* **Data supplied**:
◆ ◆ ◆ ◆ ◆ ◆ ◆
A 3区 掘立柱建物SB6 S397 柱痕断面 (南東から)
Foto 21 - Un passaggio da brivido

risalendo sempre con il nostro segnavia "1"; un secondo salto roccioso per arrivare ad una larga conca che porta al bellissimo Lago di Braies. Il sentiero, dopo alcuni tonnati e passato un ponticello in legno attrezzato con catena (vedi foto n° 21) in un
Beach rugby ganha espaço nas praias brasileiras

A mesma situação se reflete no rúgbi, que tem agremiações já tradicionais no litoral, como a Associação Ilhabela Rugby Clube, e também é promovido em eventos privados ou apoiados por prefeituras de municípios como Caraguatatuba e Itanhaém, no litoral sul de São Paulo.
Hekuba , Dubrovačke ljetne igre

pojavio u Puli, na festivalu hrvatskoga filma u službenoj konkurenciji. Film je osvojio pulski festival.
◆ ◆ ◆ ◆ ◆ ◆ ◆
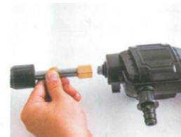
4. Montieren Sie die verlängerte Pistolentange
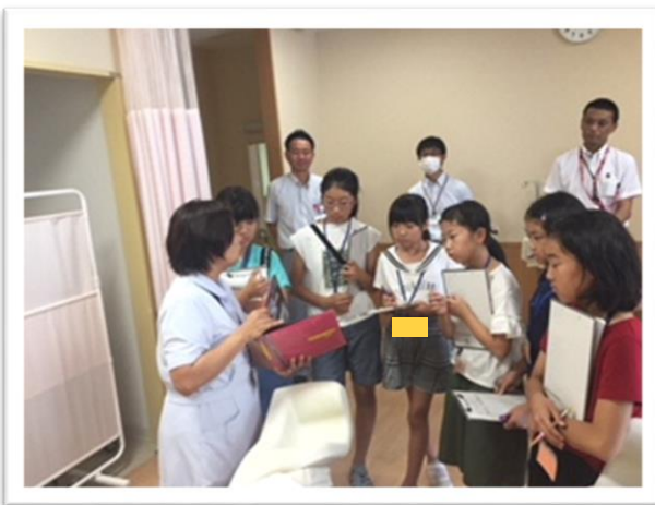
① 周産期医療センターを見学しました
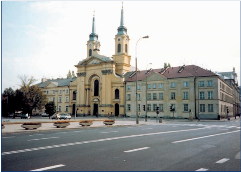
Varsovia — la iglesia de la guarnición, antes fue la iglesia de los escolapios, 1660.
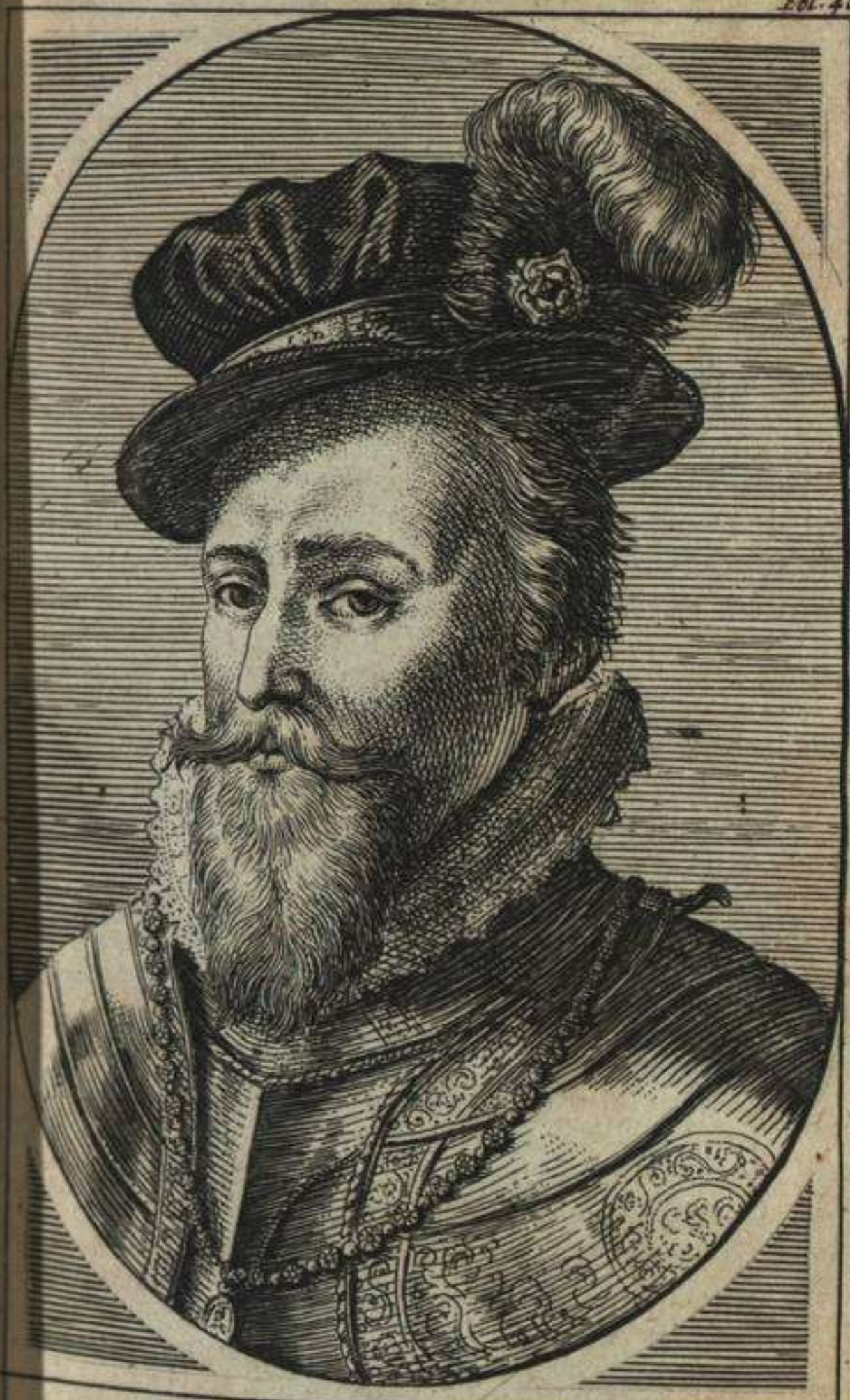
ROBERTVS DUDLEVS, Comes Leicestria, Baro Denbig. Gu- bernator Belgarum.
◆ ◆ ◆ ◆ ◆ ◆ ◆
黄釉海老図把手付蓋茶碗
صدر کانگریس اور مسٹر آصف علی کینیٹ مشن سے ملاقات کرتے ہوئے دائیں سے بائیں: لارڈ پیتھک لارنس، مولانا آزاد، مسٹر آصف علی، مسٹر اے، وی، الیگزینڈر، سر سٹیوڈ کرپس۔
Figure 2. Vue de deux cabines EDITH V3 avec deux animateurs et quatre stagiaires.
◆ ◆ ◆ ◆ ◆ ◆ ◆
* **Aim of the exercise**: Everything in the material above from the line that has "黄釉海老図把手付蓋茶碗" through the line that has "Figure 2. Vue" must be duplicated exactly, with no other lines given.

* **Answer space**:
黄釉海老図把手付蓋茶碗
صدر کانگریس اور مسٹر آصف علی کینیٹ مشن سے ملاقات کرتے ہوئے دائیں سے بائیں: لارڈ پیتھک لارنس، مولانا آزاد، مسٹر آصف علی، مسٹر اے، وی، الیگزینڈر، سر سٹیوڈ کرپس۔
Figure 2. Vue de deux cabines EDITH V3 avec deux animateurs et quatre stagiaires.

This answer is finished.